Now, as far as I know, the project still has zero evidence that this
change actually improved compatibility in the real world.  However, I
happen to know by some random coincidence that this change was hugely
beneficial.  It just so happens that when folks use both Selenium (a
popular web application testing harness) and Prototype.js (a popular
JavaScript library), they arrive in precisely the situation where
these computations give different answers.  Without the change,
developers have a lot of trouble testing a Prototype.js-using web site
with Selenium, but, with the change, it works fine.

So what are the consequences of the change?  Well, it means developers
are much more likely to test their web sites in Safari because they
can just re-use their existing Selenium tests instead of having to
build or find another testing harness.  That means they're more likely
to fix bugs that affect Safari, which means their web sites will work
better in Safari.  That, in turns, means users of Safari will have
better experiences at web sites and the marketshare of Safari will

If the WebKit project had required actual examples of the change being
beneficial, they probably would not have made that change and would
not have enjoyed the benefits.  Now, not every change pays off as well
as the one I describe, and, in many cases, we never find out how well
they pay off.  The point is more that user agent implementing are
being rational when they make these sorts of decisions.
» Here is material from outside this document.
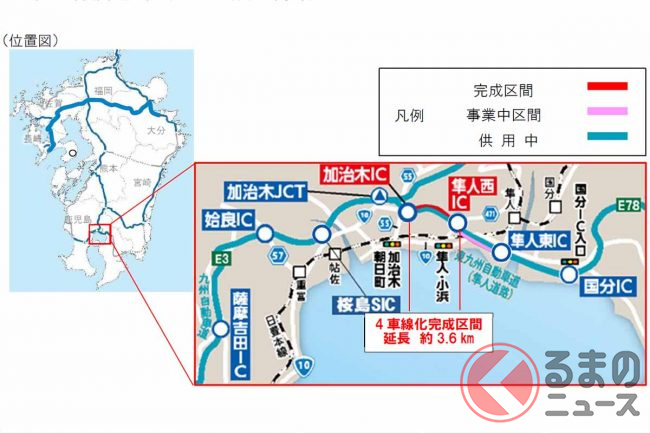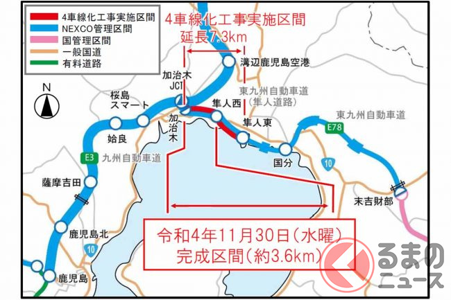 NEXCO西日本は2022年10月21日、東九州道の隼人西IC~加治木IC間3.6kmの4車線化工事が11月30日に完成すると発表しました。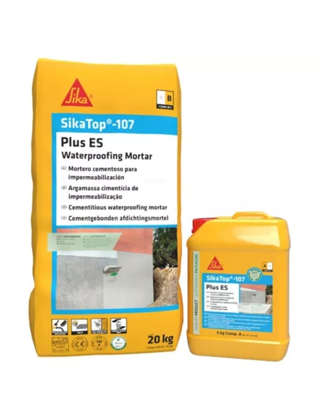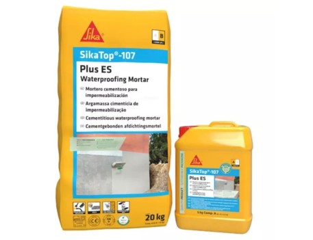 SikaTop®-107 Plus ES se utiliza para la impermeabilización interior y exterior de estructuras de hormigón, mortero, bloques de hormigón o ladrillo, incluyendo muros de cimentaciones o enterrados en obra nueva y rehabilitación, así como para la protección de estructuras de hormigón frente a sales de deshielo y efectos de hielo-deshielo, como tapaporos, para el puenteo de fisuras en estructuras de hormigón no sometidas a movimiento y para la impermeabilización de depósitos de agua potable y no potable. Entre sus ventajas destacan la protección contra la penetración de agua líquida, la capacidad de transmitir vapor de agua, la fácil aplicación con llana o brocha, el uso de componentes predosificados que no requieren añadir agua, la posibilidad de aplicación manual o mediante proyección, el fácil y rápido mezclado, que no corroe el acero ni el hierro, y que es repintable y apto para cubrir.

> If you allow non-ASCII characters (or actually require support), you'll also
> have to figure out how existing server and client based APIs are to deal
> with them (so what encoding is it?).

For our purposes, it doesn't really matter how existing servers handle
the encodings.  In the end, they do what they do.  As long as we send
the "right" bytes on the wire, they'll do the "right" thing, whatever
that is.  As for client APIs, yes, we'll need to get that right,
either in this specification or in the specification of those APIs (as
we've discussed elsewhere in this thread).